#### [DATASET RECORDS]
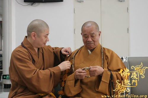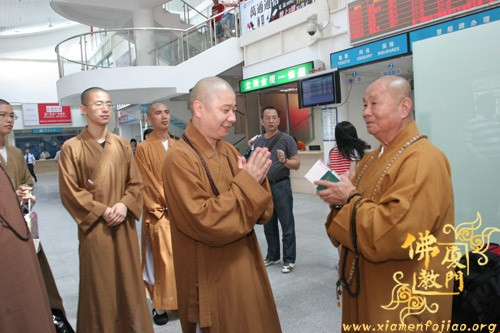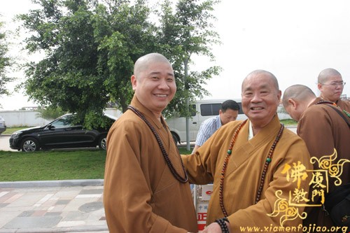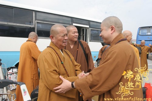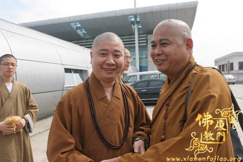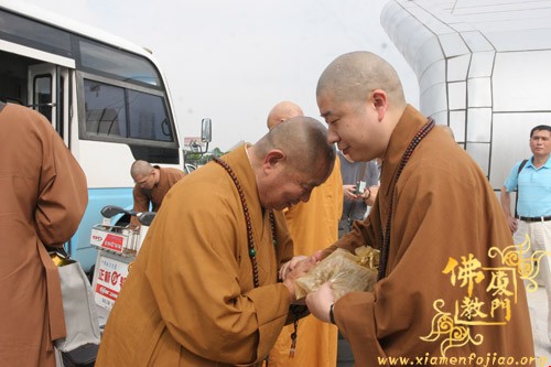 今天上午,圆宗长老一行返回厦门,从厦门五缘湾五通码头乘船回到台湾。福建省佛教协会副会长、厦门市佛教协会会长则悟大和尚到五通码头送行,并送沉香佛珠给圆宗长老留念。祝愿长老法体安康,友谊地久天长。
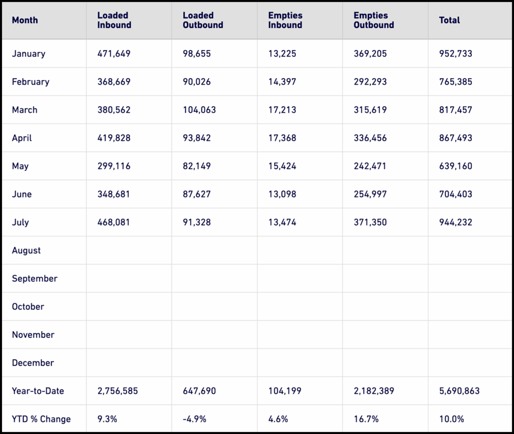 The Port has moved 5,690,863 TEUs through the first seven months of this year, up 10% from the prior-year period.
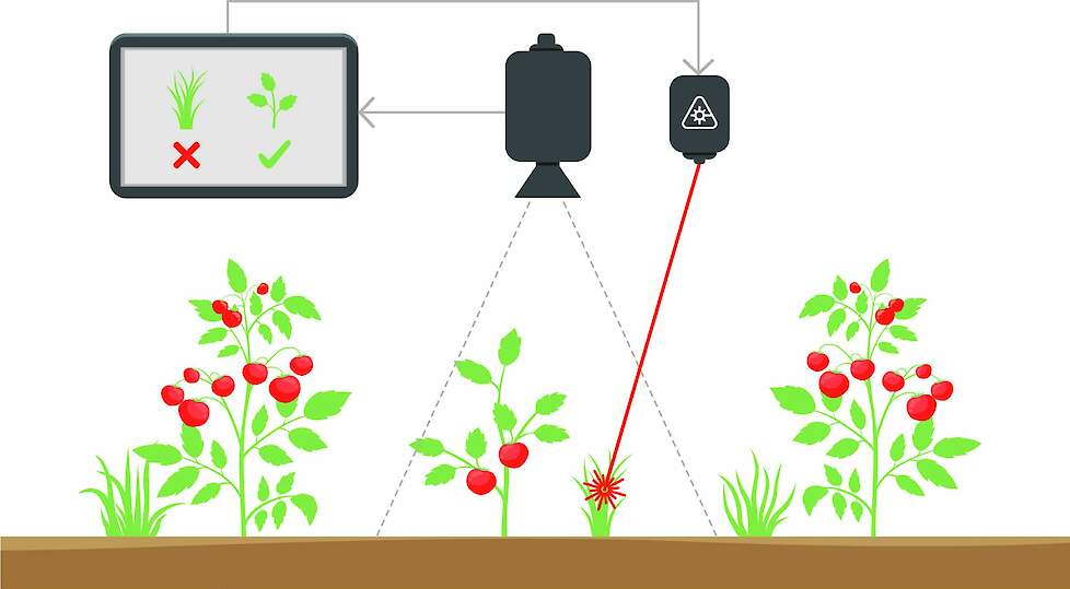 Het Escarda-systeem combineert zeer precieze lasertechnologie met een krachtige camera. Bevestigd op een door een trekker getrokken aanhanger, maakt de camera continu foto's van het veld, die in real-time worden geanalyseerd door een AI-gestuurd systeem. Wanneer de AI onkruid naast een gewas herkent, wordt de precisielaser geactiveerd en vernietigt het ongewenste plantje bij de wortel. De camera kan onkruid al vanaf een grootte van 3 mm identificeren, waardoor het onkruid in een vroeg stadium kan worden verwijderd.
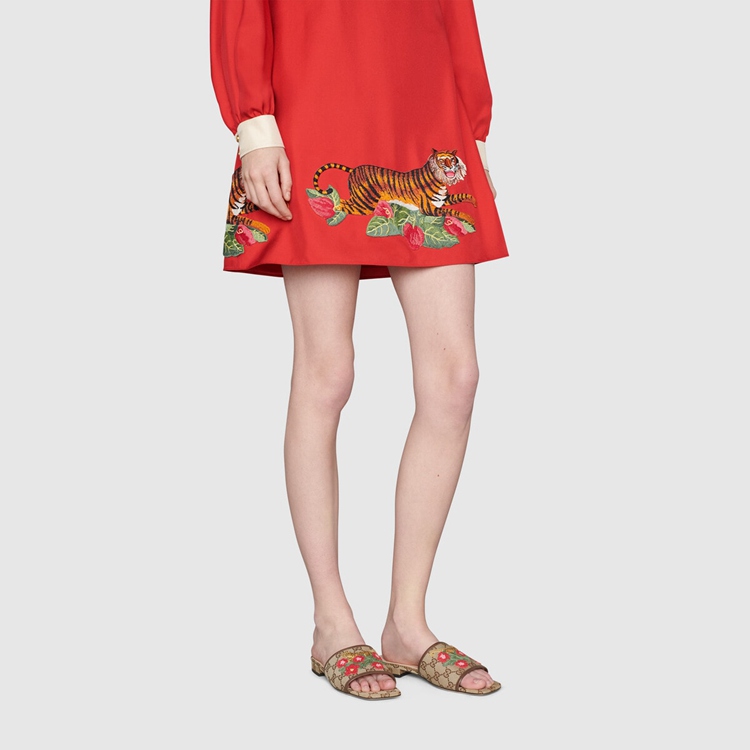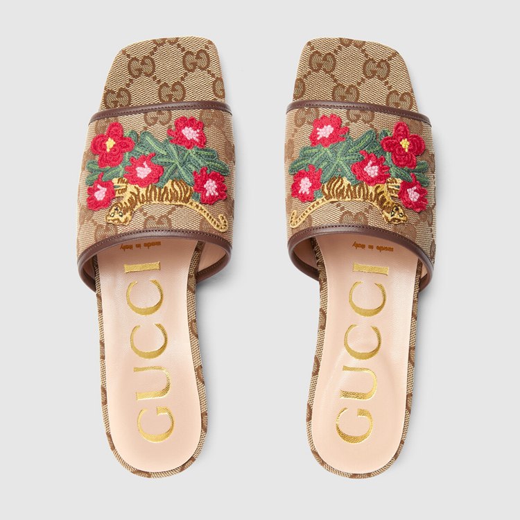 Style 687582 KY980 9763 Gucci presents a reinterpretation of a late 1960s archival design by Vittorio Accornero— The artist and illustrator who created The House’s signature Flora print. The tiger, a motif often seen in Alessandro Michele’s collections, is an expression of The House’s fascination With The wild beauty of The natural world. Here, The feline defines This pair of slide sandals.
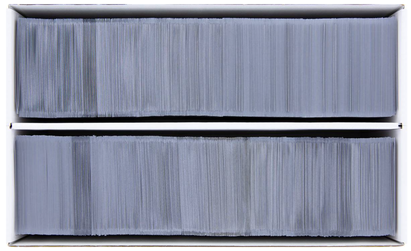 A divider in the middle of the box divides it into two equal-sized compartments. This allows the cards to be lined up neatly without mixing during transport.
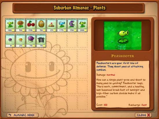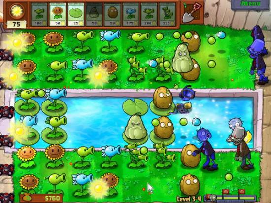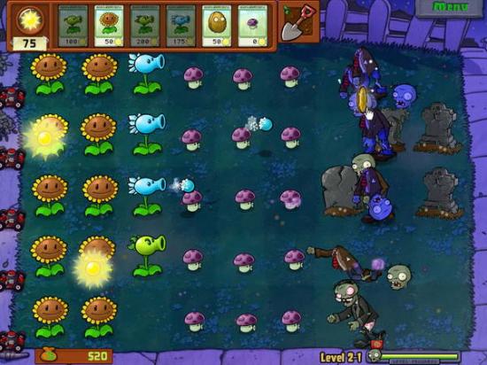 这是一款 PopCap 推出的新作品:Plants vs. Zombies,玩家将善用各种植物,抵挡恐怖的僵尸群们攻击玩家的房屋,战场位於房子外面的花园,画面中会不断掉落太阳能量,尽量收集太阳能量来设置各种植物的最佳战略位置,才能挡住一波波来袭的可怕僵尸。
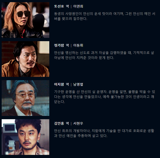 시놉시스 높은 적중률을 자랑하는 인공지능 운세 서비스 ‘만신’을 신격화하고 맹신하는 사회에서 각자의 아픔을 가진 선호와 가람은 만신 개발자를 직접 찾아 나서게 되고, 결국 예상과는 다
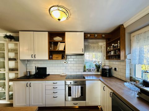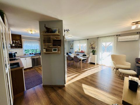 A ház tágas, világos terekkel rendelkezik, a nappaliból pedig egy hangulatos, panorámás terasz nyílik, amely tökéletes helyszíne lehet pihenésnek vagy baráti, családi összejöveteleknek.

#### [YOUR INSTRUCTIONS]
To complete this exercise, transcribe exactly the lines above from the one that holds "The Port has" through the one that holds "Het Escarda-systeem combineert". Pictures stay out.

#### [SOLVED EXERCISE]
 The Port has moved 5,690,863 TEUs through the first seven months of this year, up 10% from the prior-year period.
 Het Escarda-systeem combineert zeer precieze lasertechnologie met een krachtige camera. Bevestigd op een door een trekker getrokken aanhanger, maakt de camera continu foto's van het veld, die in real-time worden geanalyseerd door een AI-gestuurd systeem. Wanneer de AI onkruid naast een gewas herkent, wordt de precisielaser geactiveerd en vernietigt het ongewenste plantje bij de wortel. De camera kan onkruid al vanaf een grootte van 3 mm identificeren, waardoor het onkruid in een vroeg stadium kan worden verwijderd.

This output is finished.